The township accommodates two major hypermarkets, Lotus's and Giant Hypermarket, alongside the Première Hotel, a 300-room modern business hotel. A broad matrix of ancillary services supports the population of more than 90,000 residents, including retail banking hubs, corporate offices, medical clinics, fitness centres, local parks, and primary and secondary schools.

The central civic landmark of the township is the AEON Bukit Tinggi Shopping Centre, one of the largest standalone AEON complexes in Southeast Asia. The mall features a gross lettable area of approximately one million square feet and more than 5,000 parking spaces.
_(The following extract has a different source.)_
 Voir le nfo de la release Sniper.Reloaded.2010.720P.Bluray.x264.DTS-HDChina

Directly adjacent to the mall is The Landmark, an integrated commercial project comprising 20 blocks of retail units and two 9-storey corporate office blocks with a gross development value of RM180 million. The commercial sector also incorporates the Impiria Residences high-rise serviced suites and a 98-room boutique lodging establishment named The Canvas Hotel, all of which are linked directly to the AEON shopping centre via elevated pedestrian skybridges.

== Governance ==
Bandar Bukit Tinggi is administratively governed by the Klang Royal City Council (MBDK).
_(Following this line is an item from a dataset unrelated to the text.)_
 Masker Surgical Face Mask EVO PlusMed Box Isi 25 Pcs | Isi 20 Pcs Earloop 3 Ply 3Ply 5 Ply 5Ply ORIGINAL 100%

In federal politics, the township is situated within the Kota Raja (P111) parliamentary constituency, represented by Mohamad Sabu of the National Trust Party (AMANAH), who also serves as the party's federal president. At the state legislative level, the area falls under the Sentosa (N48) state constituency, represented by Gunarajah George of the People's Justice Party (PKR). Local community interests and municipal welfare matters are facilitated by the Residents' Association of Bukit Tinggi (PPBT).

== Transportation ==
Bandar Bukit Tinggi is situated approximately 50 km west of Kuala Lumpur and 30 km from Petaling Jaya. The township is linked directly to Malaysia's expressway grid via the Shah Alam Expressway (KESAS). The ongoing construction of the West Coast Expressway (WCE) will further interface with the municipal boundaries upon its full commissioning. For public bus transport, the township maintains scheduled direct routes connecting residents to the Klang city centre, Kuala Lumpur Sentral, Banting, and Kuala Lumpur International Airport (KLIA) via Aerobus.

The area is also integrated into the Klang Valley rail transit network following the official commencement of the RM9 billion LRT Shah Alam Line in mid-2026. The township is serviced by two dedicated elevated rail stations: Klang Jaya LRT station (serving the northern periphery and BT1) and Bandar Bukit Tinggi LRT station (serving the commercial precinct and BT2). This rapid transit inclusion effectively reduces commuting times across the Klang Valley conurbation.